**SOURCE DATA:**

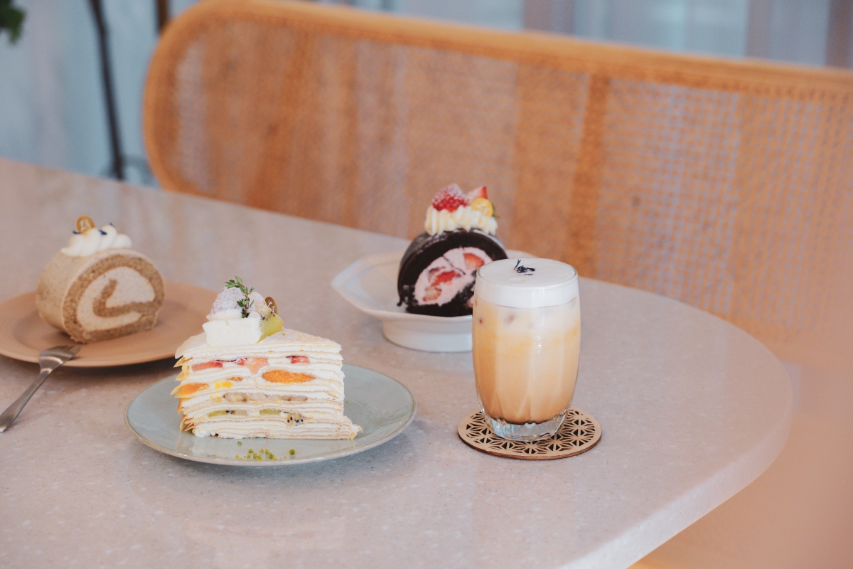 飲品提供咖啡、濃厚鮮奶茶、熱茶,甜點的部分每日新鮮現做,以甜點櫃提供的品項為主。竹北店有自己的烘焙空間,所以都是當日製作的新鮮蛋糕,就連生日蛋糕都是,店長也有說他們的生日蛋糕只能放一天,很堅持蛋糕的品質。
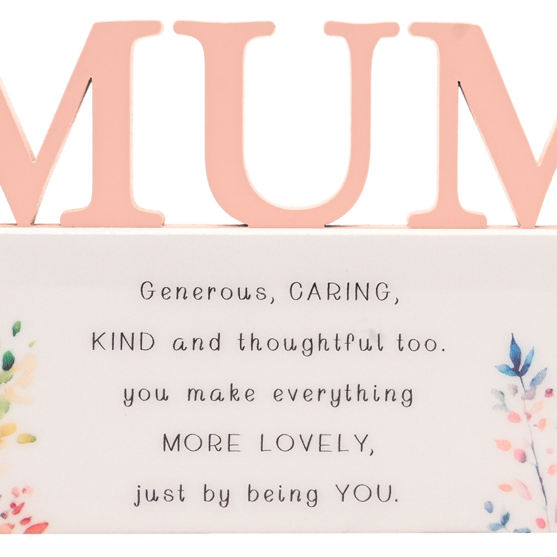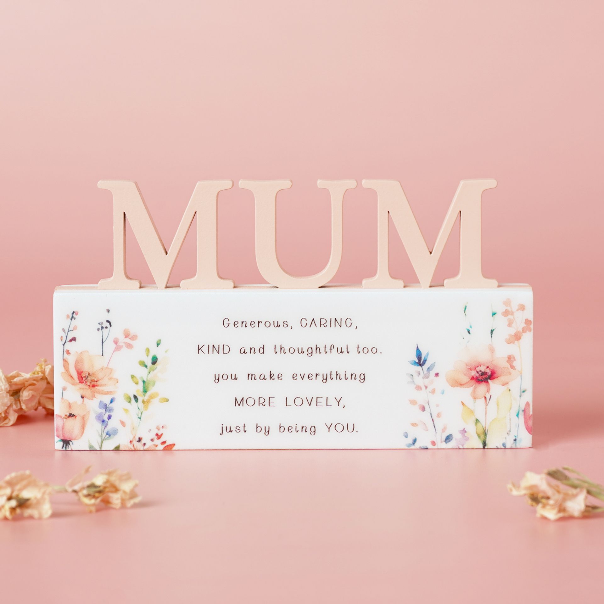 The Cottage Garden Floral Word - Mum The Cottage Garden Floral Word is a decorative block sign that pairs bold cut-out lettering with soft watercolour floral artwork and uplifting wording. Designed to sit neatly on shelves, mantels, or desks, it adds both colour and personality to the home.
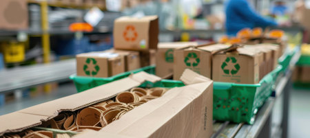 Sustainable Packaging Station A modern warehouse section dedicated to eco-friendly packaging, featuring biodegradable materials and minimal waste processes. Workers carefully
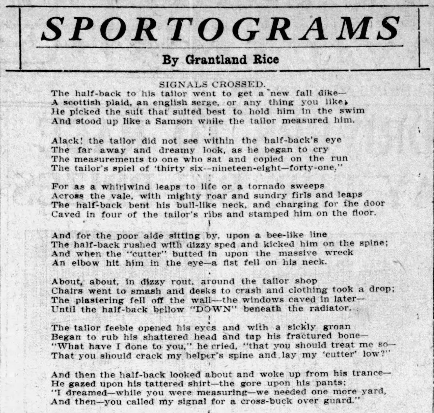 While not Rice's finest work, it provides an amusing example of what happens when signals get crossed. In this case, a halfback a tailor was measuring for a suit hears a series of numbers called out and reacted inappropriately to the situation.

**TASK TO CARRY OUT:** Apart from the pictures, every line above must be repeated exactly.

**OUTPUT FOR THIS TASK:**
 飲品提供咖啡、濃厚鮮奶茶、熱茶,甜點的部分每日新鮮現做,以甜點櫃提供的品項為主。竹北店有自己的烘焙空間,所以都是當日製作的新鮮蛋糕,就連生日蛋糕都是,店長也有說他們的生日蛋糕只能放一天,很堅持蛋糕的品質。
 The Cottage Garden Floral Word - Mum The Cottage Garden Floral Word is a decorative block sign that pairs bold cut-out lettering with soft watercolour floral artwork and uplifting wording. Designed to sit neatly on shelves, mantels, or desks, it adds both colour and personality to the home.
 Sustainable Packaging Station A modern warehouse section dedicated to eco-friendly packaging, featuring biodegradable materials and minimal waste processes. Workers carefully
 While not Rice's finest work, it provides an amusing example of what happens when signals get crossed. In this case, a halfback a tailor was measuring for a suit hears a series of numbers called out and reacted inappropriately to the situation.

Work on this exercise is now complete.